(Exercise)
Each entry below should be written out exactly as it is, with no pictures.

Records drawn from a dataset
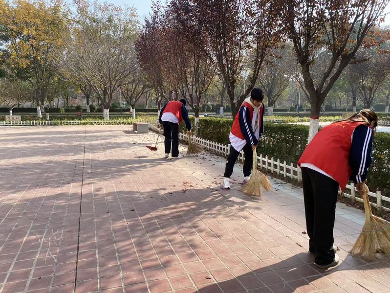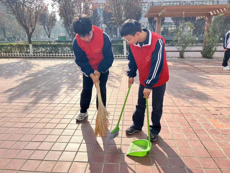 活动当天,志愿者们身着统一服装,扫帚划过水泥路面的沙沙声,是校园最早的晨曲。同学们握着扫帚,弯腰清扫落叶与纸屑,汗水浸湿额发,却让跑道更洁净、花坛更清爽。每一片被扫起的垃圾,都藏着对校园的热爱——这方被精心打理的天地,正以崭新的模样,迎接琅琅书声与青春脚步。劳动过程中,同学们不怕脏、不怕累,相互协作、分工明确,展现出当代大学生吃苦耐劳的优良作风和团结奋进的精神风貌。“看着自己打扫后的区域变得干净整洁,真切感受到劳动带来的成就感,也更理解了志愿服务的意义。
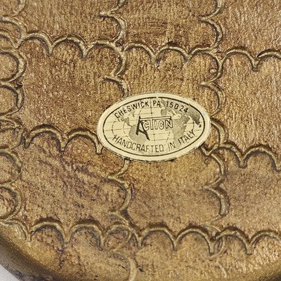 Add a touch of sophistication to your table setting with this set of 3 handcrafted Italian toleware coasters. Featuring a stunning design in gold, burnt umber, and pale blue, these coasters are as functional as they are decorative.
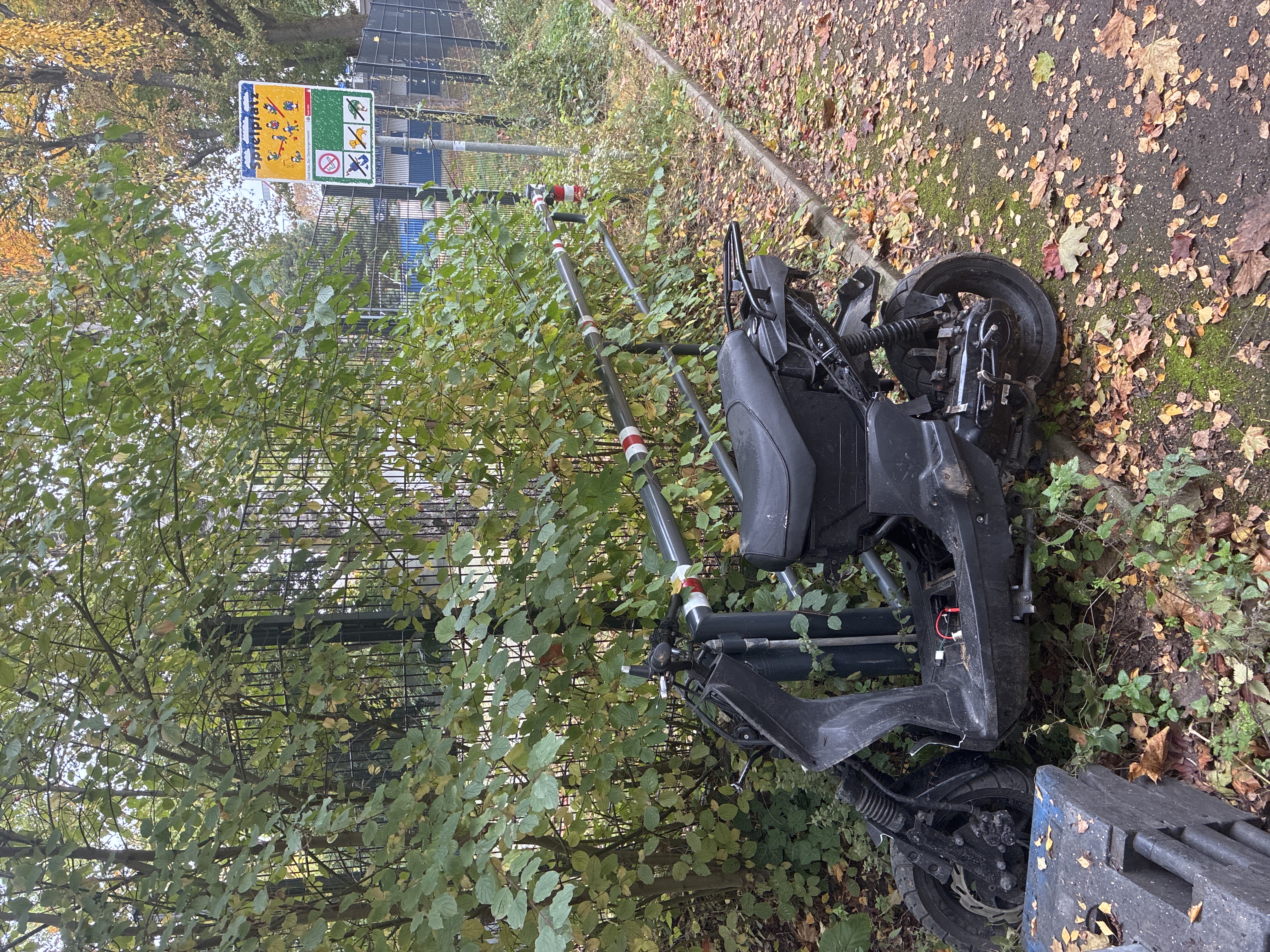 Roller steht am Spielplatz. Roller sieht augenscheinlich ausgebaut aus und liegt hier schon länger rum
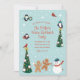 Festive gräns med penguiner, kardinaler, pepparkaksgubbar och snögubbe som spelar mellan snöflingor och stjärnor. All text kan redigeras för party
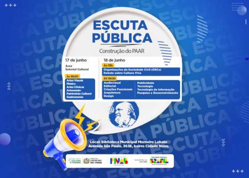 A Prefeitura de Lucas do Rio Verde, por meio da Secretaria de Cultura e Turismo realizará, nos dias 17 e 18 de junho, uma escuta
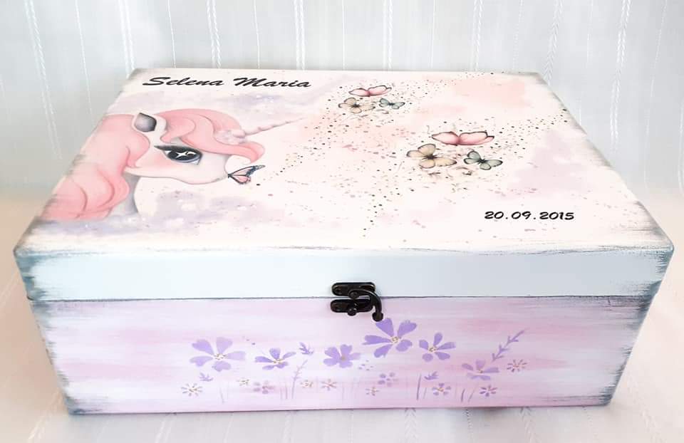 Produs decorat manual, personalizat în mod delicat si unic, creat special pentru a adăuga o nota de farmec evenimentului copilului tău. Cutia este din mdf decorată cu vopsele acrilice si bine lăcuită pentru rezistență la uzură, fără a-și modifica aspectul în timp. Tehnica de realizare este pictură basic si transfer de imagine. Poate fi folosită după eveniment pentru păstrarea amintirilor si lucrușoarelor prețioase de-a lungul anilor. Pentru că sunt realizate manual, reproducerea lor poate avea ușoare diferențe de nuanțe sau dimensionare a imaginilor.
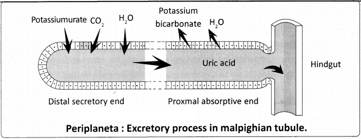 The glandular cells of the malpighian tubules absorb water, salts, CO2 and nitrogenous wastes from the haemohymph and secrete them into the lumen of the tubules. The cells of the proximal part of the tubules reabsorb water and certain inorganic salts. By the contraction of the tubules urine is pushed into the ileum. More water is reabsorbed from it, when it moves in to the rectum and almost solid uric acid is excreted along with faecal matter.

(Answer to this problem)
 活动当天,志愿者们身着统一服装,扫帚划过水泥路面的沙沙声,是校园最早的晨曲。同学们握着扫帚,弯腰清扫落叶与纸屑,汗水浸湿额发,却让跑道更洁净、花坛更清爽。每一片被扫起的垃圾,都藏着对校园的热爱——这方被精心打理的天地,正以崭新的模样,迎接琅琅书声与青春脚步。劳动过程中,同学们不怕脏、不怕累,相互协作、分工明确,展现出当代大学生吃苦耐劳的优良作风和团结奋进的精神风貌。“看着自己打扫后的区域变得干净整洁,真切感受到劳动带来的成就感,也更理解了志愿服务的意义。
 Add a touch of sophistication to your table setting with this set of 3 handcrafted Italian toleware coasters. Featuring a stunning design in gold, burnt umber, and pale blue, these coasters are as functional as they are decorative.
 Roller steht am Spielplatz. Roller sieht augenscheinlich ausgebaut aus und liegt hier schon länger rum
 Festive gräns med penguiner, kardinaler, pepparkaksgubbar och snögubbe som spelar mellan snöflingor och stjärnor. All text kan redigeras för party
 A Prefeitura de Lucas do Rio Verde, por meio da Secretaria de Cultura e Turismo realizará, nos dias 17 e 18 de junho, uma escuta
 Produs decorat manual, personalizat în mod delicat si unic, creat special pentru a adăuga o nota de farmec evenimentului copilului tău. Cutia este din mdf decorată cu vopsele acrilice si bine lăcuită pentru rezistență la uzură, fără a-și modifica aspectul în timp. Tehnica de realizare este pictură basic si transfer de imagine. Poate fi folosită după eveniment pentru păstrarea amintirilor si lucrușoarelor prețioase de-a lungul anilor. Pentru că sunt realizate manual, reproducerea lor poate avea ușoare diferențe de nuanțe sau dimensionare a imaginilor.
 The glandular cells of the malpighian tubules absorb water, salts, CO2 and nitrogenous wastes from the haemohymph and secrete them into the lumen of the tubules. The cells of the proximal part of the tubules reabsorb water and certain inorganic salts. By the contraction of the tubules urine is pushed into the ileum. More water is reabsorbed from it, when it moves in to the rectum and almost solid uric acid is excreted along with faecal matter.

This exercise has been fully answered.